(Data excerpt Opens)

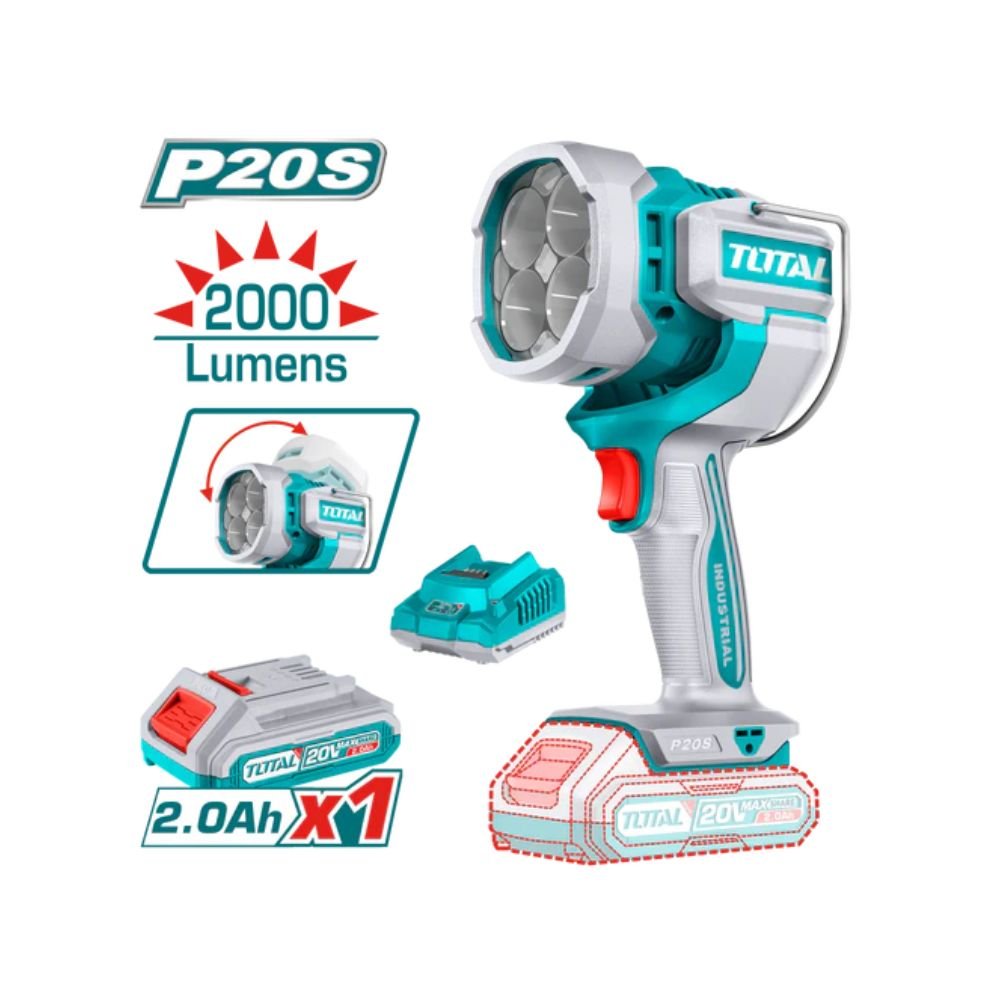 Lâmpada de trabalho LED sem fio Total 20V com bateria de íon-lítio de 2,0Ah e carregador TWLI20881
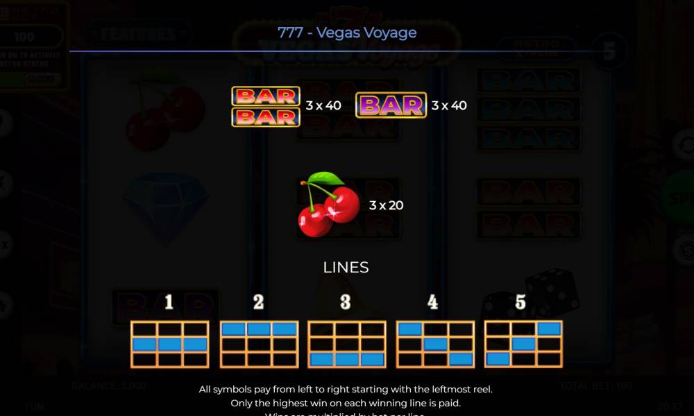 Правила 777 – Vegas Voyage вполне соответствуют ретро-стилистике игрового автомата. Разобраться в них будет очень легко даже полному новичку в гемблинге. Игровое поле состоит из 3 барабанов в 3 ячейки высотой. Схема 3х3 считается самой старой в слотах и использовалась еще в механических одноруких бандитах. Во время вращений разыгрывается 7 обычных знаков и 1 специальный. Три семерки принесут бонус в виде десятикратного увеличения выигрыша за выпадение 3 штук при активированной функции Retro Bet. Фриспины не реализованы в слоте и именно их мне не хватает для того, чтобы поставить максимально высокий балл игре. Ставка выбирается пользователем из диапазона до 100 евро.
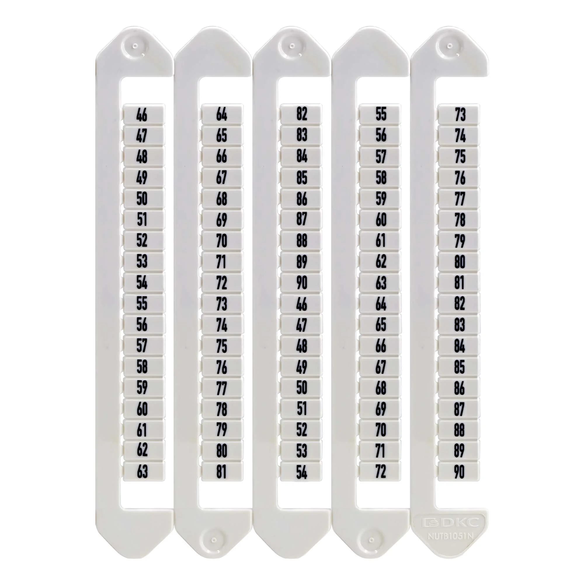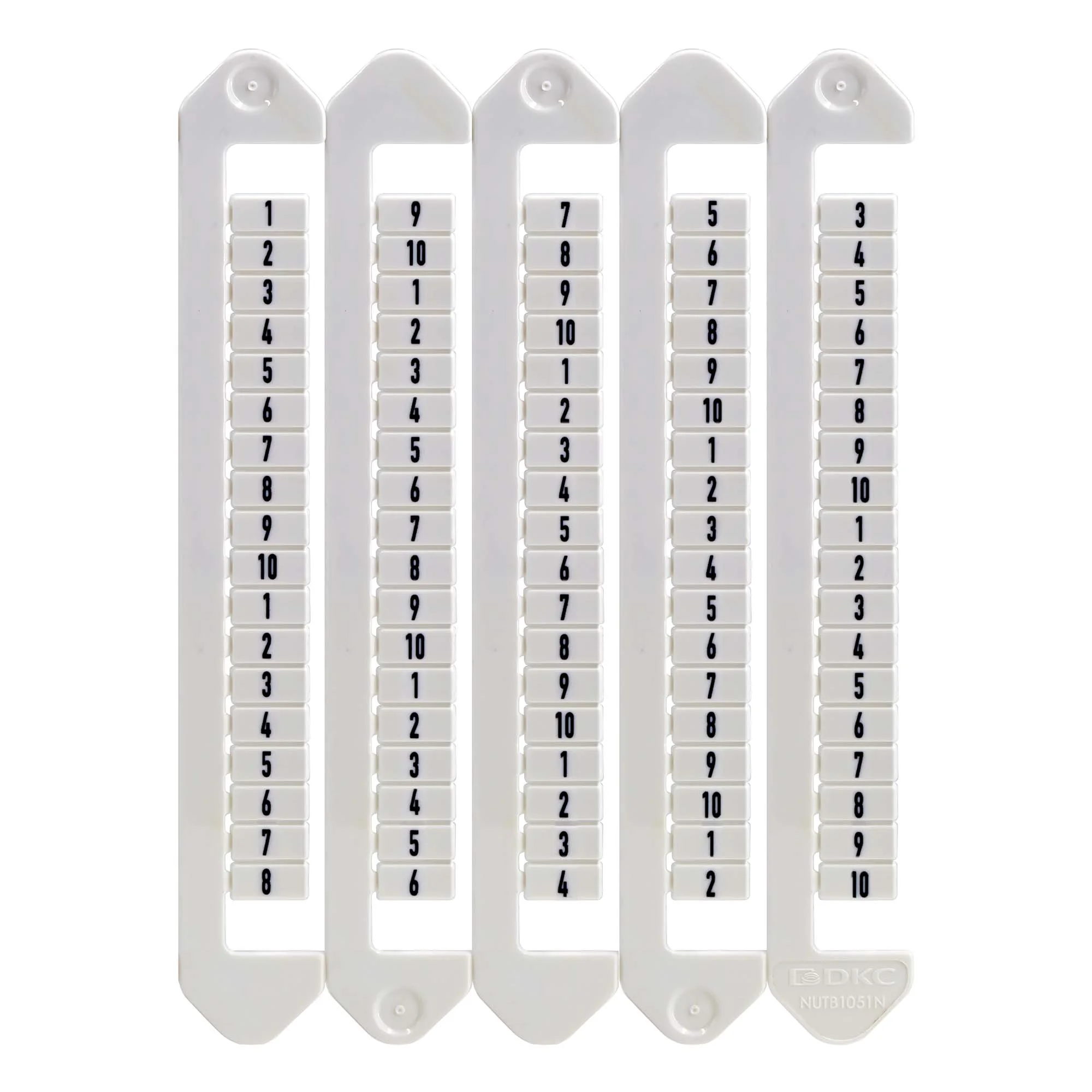 Маркировка кле мм «Nuputuk» изготавливается из композиционного материала АБС-ПК. Класс горючести по UL94 – V0. Температура эксплуатации: от −40 до +80 °С. Цвет – белый. Фиксируется на клеммах защелкиванием. Символы от 51 до 60, вертикальная ориентация. Тег размером 5х10 мм. На пластине 90 тегов. В упаковке 5 пластин – 450 тегов.

(Data excerpt Closes)

__Required work__: Would you copy the lines from the one holding "Правила 777 –" down to the last line of the material, both included, exactly and with nothing added, skipping the pictures?

__Solution for this exercise__:
 Правила 777 – Vegas Voyage вполне соответствуют ретро-стилистике игрового автомата. Разобраться в них будет очень легко даже полному новичку в гемблинге. Игровое поле состоит из 3 барабанов в 3 ячейки высотой. Схема 3х3 считается самой старой в слотах и использовалась еще в механических одноруких бандитах. Во время вращений разыгрывается 7 обычных знаков и 1 специальный. Три семерки принесут бонус в виде десятикратного увеличения выигрыша за выпадение 3 штук при активированной функции Retro Bet. Фриспины не реализованы в слоте и именно их мне не хватает для того, чтобы поставить максимально высокий балл игре. Ставка выбирается пользователем из диапазона до 100 евро.
 Маркировка кле мм «Nuputuk» изготавливается из композиционного материала АБС-ПК. Класс горючести по UL94 – V0. Температура эксплуатации: от −40 до +80 °С. Цвет – белый. Фиксируется на клеммах защелкиванием. Символы от 51 до 60, вертикальная ориентация. Тег размером 5х10 мм. На пластине 90 тегов. В упаковке 5 пластин – 450 тегов.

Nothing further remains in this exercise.